Search code examples
pythongoogle-cloud-dataproc

Cannot create cluster with properties using the dataproc API


I'm trying to create a cluster programmatically in python:

import googleapiclient.discovery

dataproc = googleapiclient.discovery.build('dataproc', 'v1')
zone_uri ='https://www.googleapis.com/compute/v1/projects/{project_id}/zone/{zone}'.format(
  project_id=my_project_id,
  zone=my_zone,
  )
cluster_data = {
  'projectId': my_project_id,
  'clusterName': my_cluster_name,
  'config': {
    'gceClusterConfig': {
      'zoneUri': zone_uri
    },
    'softwareConfig' : {
      'properties' : {'string' : {'spark:spark.executor.memory' : '10gb'}},
    },
  },
}
result = dataproc \
  .projects() \
  .regions() \
  .clusters() \
  .create(
    projectId=my_project_id,
    region=my_region,
    body=cluster_data,
    ) \
  .execute()

And I keep getting this error : Invalid JSON payload received. Unknown name "spark:spark.executor.memory" at 'cluster.config.software_config.properties[0].value': Cannot find field.">

The doc of the API is here : https://cloud.google.com/dataproc/docs/reference/rest/v1/projects.regions.clusters#SoftwareConfig

Property keys are specified in prefix:property format, such as core:fs.defaultFS.
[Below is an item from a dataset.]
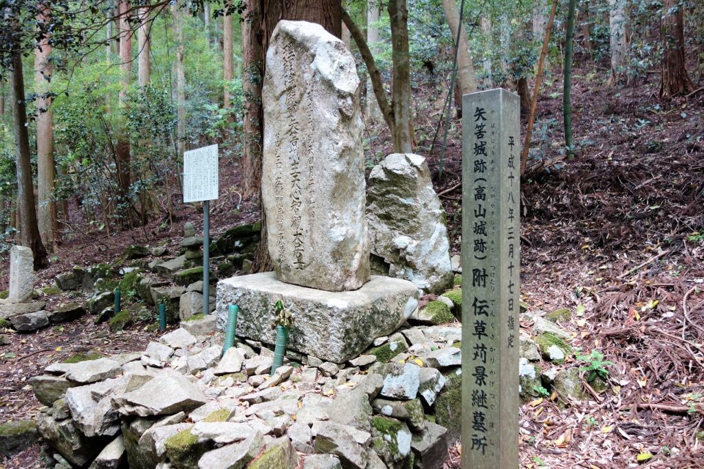 津山市加茂町山下に「矢筈城跡(高山城跡)附伝草苅景継墓所」がある。城跡とともに県の史跡である。

And even when I change the properties to {'string' : {'core:fs.defaultFS' : 'hdfs://'}}, I get that same error.


Solution

  • Properties is a key/value mapping:

    'properties': {
      'spark:spark.executor.memory': 'foo'
    }
    

    The documentation could have had a better example. In general, the best way to find out what the API looks like is to click "Equivalent REST" in the Cloud Console, or --log-http when using gcloud. For example:

    $ gcloud dataproc clusters create clustername --properties spark:spark.executor.memory=foo --log-http
    =======================
    ==== request start ====
    uri: https://dataproc.googleapis.com/v1/projects/projectid/regions/global/clusters?alt=json
    method: POST
    == body start ==
    {"clusterName": "clustername", "config": {"gceClusterConfig": {"internalIpOnly": false, "zoneUri": "us-east1-d"}, "masterConfig": {"diskConfig": {}}, "softwareConfig": {"properties": {"spark:spark.executor.memory": "foo"}}, "workerConfig": {"diskConfig": {}}}, "projectId": "projectid"}
    == body end ==
    ==== request end ====